[LINK] Facebook's power should worry us all

David Boxall david.boxall at hunterlink.net.au
Mon Oct 10 10:19:41 AEDT 2011

More and more, I find reasons to rejoice that I resisted the Facebook 

Julian Lee
October 10, 2011
If Facebook was a government agency, its power would be as undisputed as 
it would be frightening.

For a single organisation to know as much as it does about the habits, 
interests and behaviour of 10 million Australians is unsettling.

If a government department had so much up-to-the-minute information 
about who we know, where we have been and what we are doing at its 
fingertips then one can only imagine the outcry.

And yet here we have a privately-owned company accountable to no one 
operating with apparent immunity from the law. Aside from the grumbling 
that invariably attends any changes Facebook makes to its site, no one 
has yet taken to the streets.

Facebook's power continues to grow (800 million users and counting) and, 
on the face of it, the only real alternative left open to us is to 
either beat a retreat into a self-imposed disconnected world or total 

For waiting for the government or the regulators to step in may be a 
futile exercise. The hyperbolic pace at which technology moves is no 
match for the law.

The amount of times that the Australian Law Reform Commission mentioned 
Facebook in its weighty report into privacy, delivered in August 2008, 
can be counted on both hands. That's not the fault of the commissioners 
so much as when they embarked on their task of reviewing privacy 
legislation in 2006 Facebook was a relatively nascent service. Most of 
the focus was on the comparatively simple — and now largely redundant — 
social networking site MySpace.

Three years on and not one of the Commission's 295 recommendations 
around privacy has actually made it into law, although the government 
has "responded" to 197 of them.

The best hope for any privacy protection resides in an issues paper — 
released a fortnight ago — that explores whether individuals should be 
able to sue for a breach of their privacy. Coming as it does following 
The News of the World hacking scandal, much of its focus is expected to 
be on serious invasions of privacy by the media; the handling of data by 
sophisticated technology companies like Facebook, Google and LinkedIn is 
at risk of coming a distant second.

If it becomes law then it could provide some relief to those individuals 
who quite rightly wonder and fear what Facebook and its ilk are doing 
with the reams of personal data they hoover up in our wake as we go 
about our business on the internet.

At present the federal privacy watchdog has limited powers and resources 
to pursue companies like Facebook through the courts, an issue that the 
commission also raised in its reports and which the government has so 
far done nothing about, along with laws to force companies to disclose 
breaches of data.

Perhaps the federal privacy commissioner, Timothy Pilgrim, was all too 
aware of these limitations when he said he was not going to investigate 
Facebook for tracking people's movements across the internet even after 
they had logged out of their Facebook account.

His acceptance of Facebook's word that it had "rectified the issue" was 
disappointing and given it fell to an Australian security consultant and 
blogger Nik Cubrilovic to unearth Facebook's secret tracking, Pilgrim's 
assurances that he would "continue to monitor future developments" does 
precious little to assuage my fears.

Elsewhere in the world privacy commissioners are wise to the ways of 
Facebook and Google. Last year privacy commissioners from 10 countries — 
Australia was not among them — wrote to Google in the wake of its now 
defunct social networking site, Google Buzz, a feature of which 
automatically suggested friends to new users based on their most 
frequent email and chat contacts in Gmail.

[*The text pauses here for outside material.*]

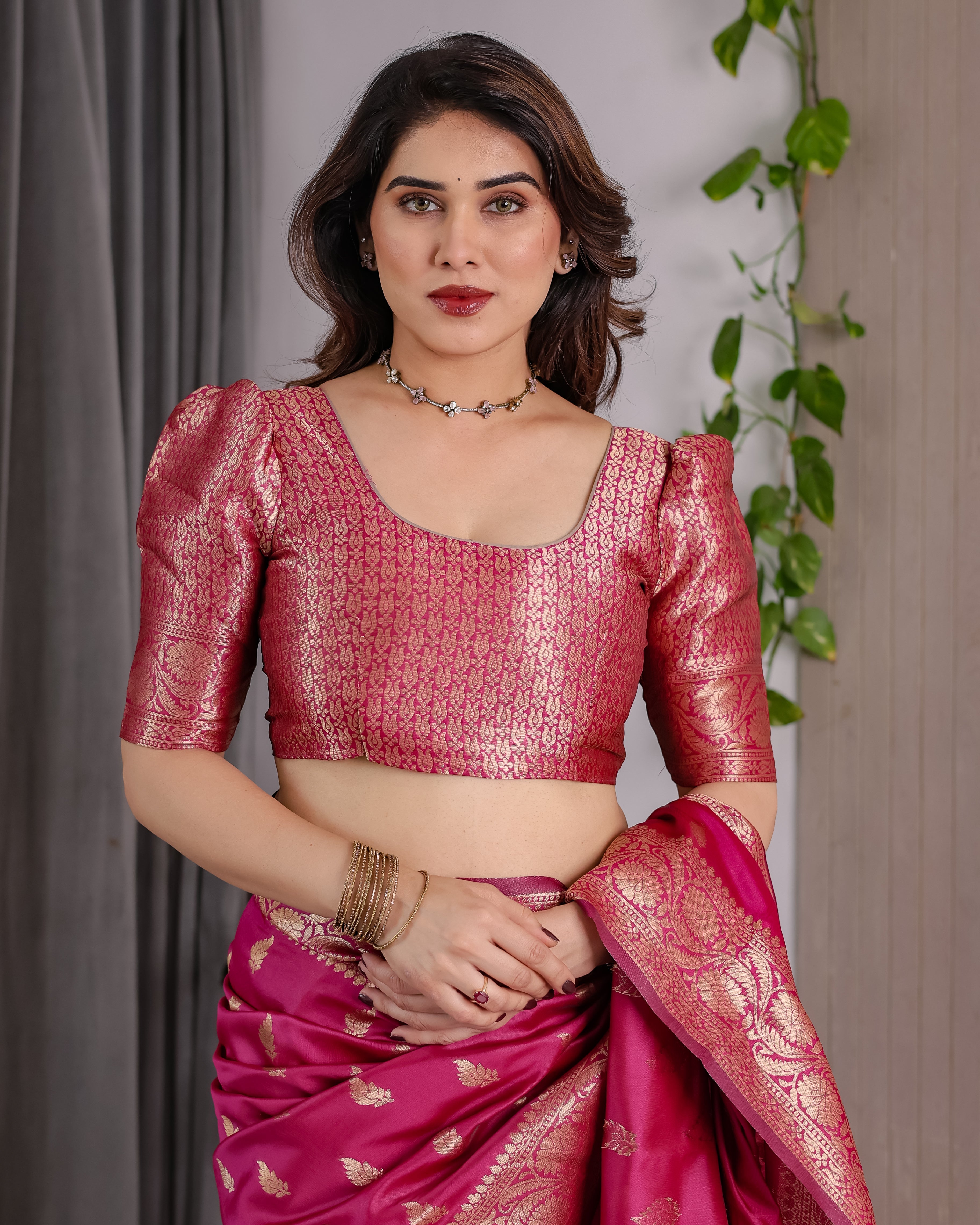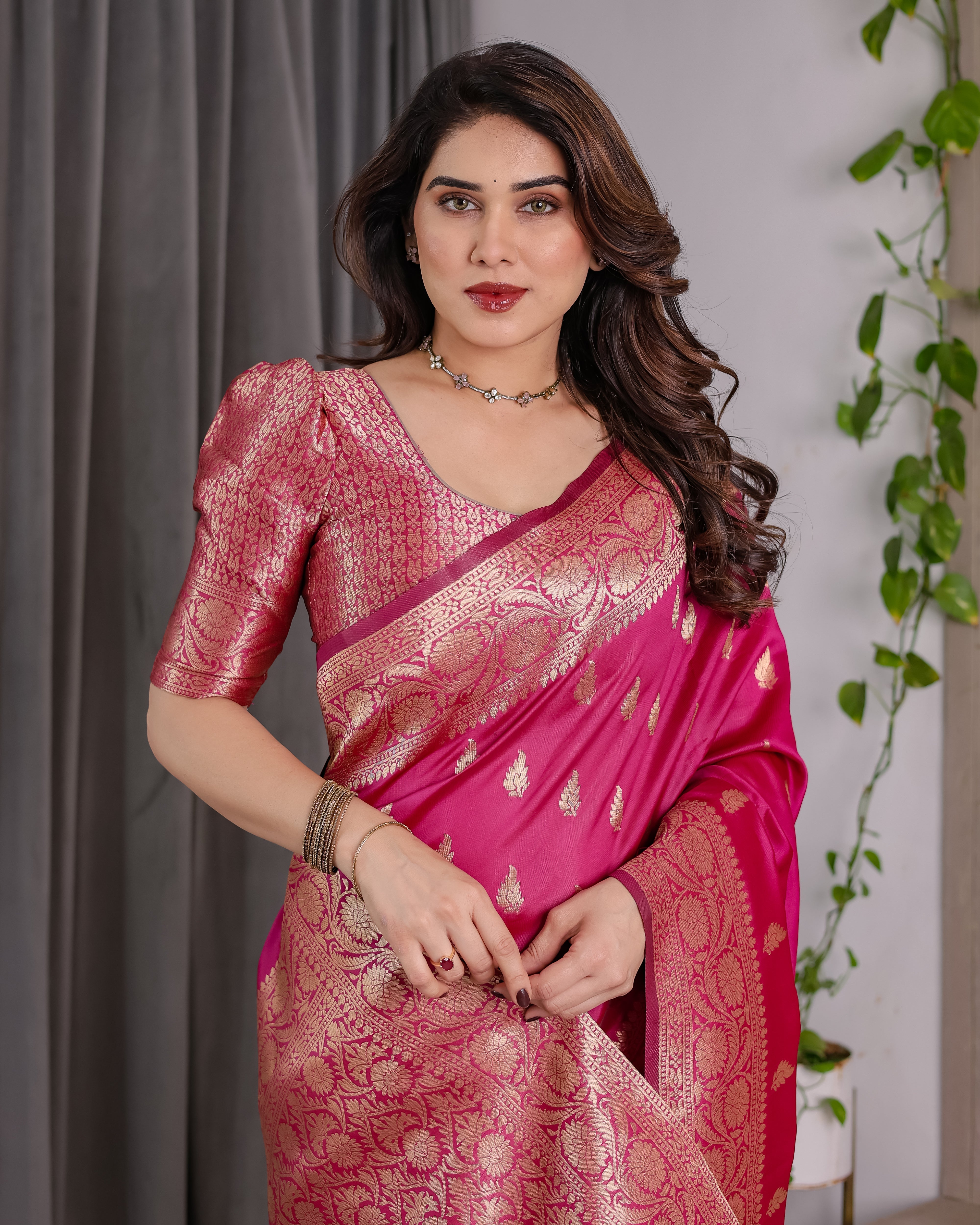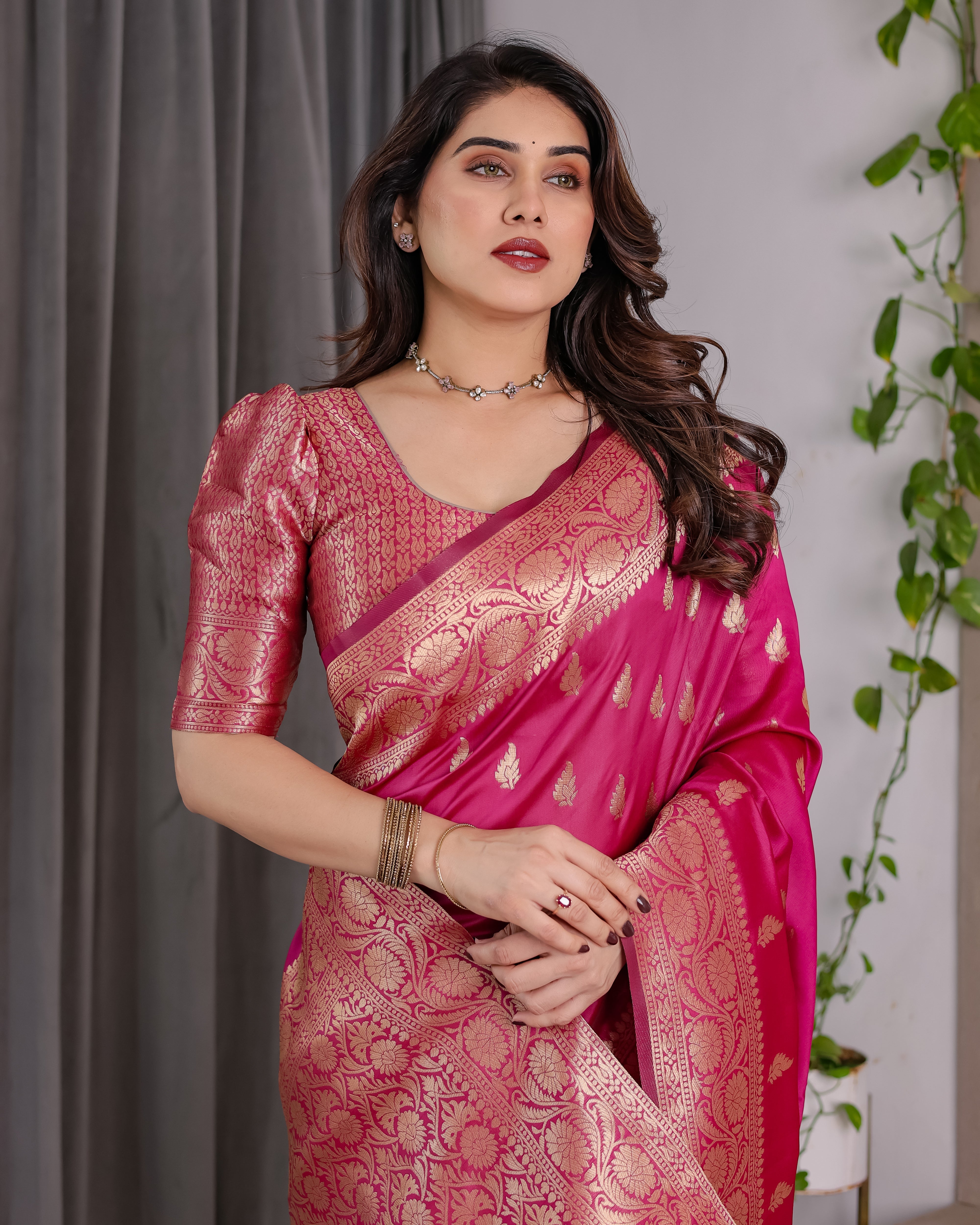 Gracefully bold and eternally festive, this rani pink pure Kanjivaram silk saree is adorned with classic golden leaf motifs and a grand floral zari pallu and border that exudes traditional richness. The striking pink base enhances the sheen of gold zari, offering a vibrant yet regal look ideal for weddings, festive gatherings, or bridal trousseau.

This suck it and see approach prompted the outgoing US commissioner, 
Pamela Jones Harbour, to declare that it was no longer good enough for 
the companies to "throw it against the wall, see if it sticks — and if 
not, we can always pull it back".

Even today Facebook continues to deny there is a problem with its 
tracking and is pushing ahead with "frictionless sharing", whereby a 
user's activities are published on their profiles without any prompting 
by them.

Both Facebook and Google prefer to talk about empowering you the user to 
exert control over your privacy settings, rather than what they are 
doing with your information and with whom they are sharing it. It's all 
part of their quest to gain as much information about you as possible so 
that it can be traded for the purpose of helping more targeted advertising.

A small but growing number of people are withdrawing from Facebook and 
entering into a self-imposed exile but one wonders what it will take 
before the penny drops for the rest of us that we have willingly 
surrendered our identity to corporations that have a cavalier disregard 
to privacy.

It's the price we pay for such free services, the Faustian pact into 
which we have entered in order to survive in an age of constant 
connectivity where the tentacles of Facebook — with its ambition to be 
the "identity platform" — are extending to every corner of the internet.

Which raises the question - if Facebook and Google place a value on your 
identity then why shouldn't you?

Julian Lee is deputy editor of the National Times.

David Boxall                    |  I have seen the past
                                 |  And it worked.